Responsible Disclosure

At Gorman Consulting, we consider the security of our systems—our computers, servers, websites, etc.— a top priority. But no matter how much effort we put into system security, there can still be vulnerabilities (i.e., weaknesses or flaws) present. If you discover a vulnerability (e.g., unpatched software, open ports, misconfigured security settings), we would like to know about it so we can address it before there is an incident. Below, we summarize instructions for what you should do if you identify a vulnerability followed by how we will respond.

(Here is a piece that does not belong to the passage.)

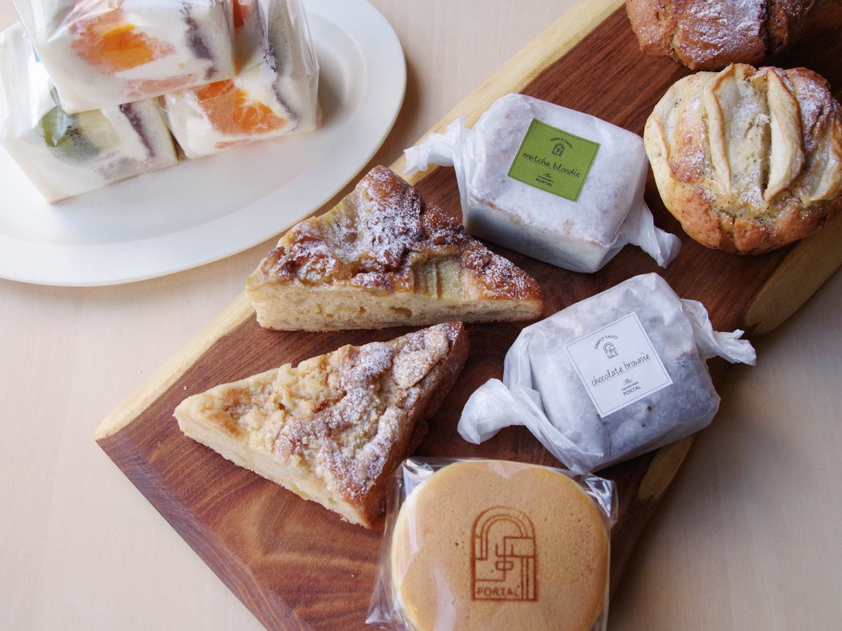 スイーツは季節ごとにフルーツやフレーバーが変わり、秋には柿、梨、ぶどう、みかんなどを使ったフルーツサンドが登場します。焼き菓子はマフィンやブラウニー、バナナブレッドなど種類も多彩。お店の焼き印が押されたあんバターサンドも人気の一品です。

If you identify a vulnerability, we kindly ask that you: 

  • E-mail a description of the issue to security@gormanconsulting.org, including sufficient information to reproduce the problem. Usually, the IP address or the URL of the affected system and a description of the vulnerability will be sufficient, but complex vulnerabilities may require further explanation. 
  • Not take advantage of the vulnerability or problem you have discovered. For example, refrain from downloading more data than necessary to demonstrate the vulnerability or deleting/modifying/sharing other people’s data.
  • Not reveal the problem to others until it has been resolved.
  • Do no harm.

In response, we will: 

  • Respond to your report within 5 business days with our evaluation of the report and an expected resolution date. We will subsequently keep you informed on our progress. 
  • Not take any legal action against you if you have followed the instructions above.
  • Handle your report with strict confidentiality and not pass on your personal details to third parties without your permission.
  • For public disclosure concerning the problem reported, give your name as the discoverer of the problem (unless you desire otherwise).
  • As a token of our appreciation, offer a reward for issues that 1) were not yet known to our security team and 2) have a contextualized vulnerability score of medium or higher according to the NIST CVSS 4.0 framework. The amount of the reward will be determined based on the severity of the leak and the quality of the report with a minimum of $50.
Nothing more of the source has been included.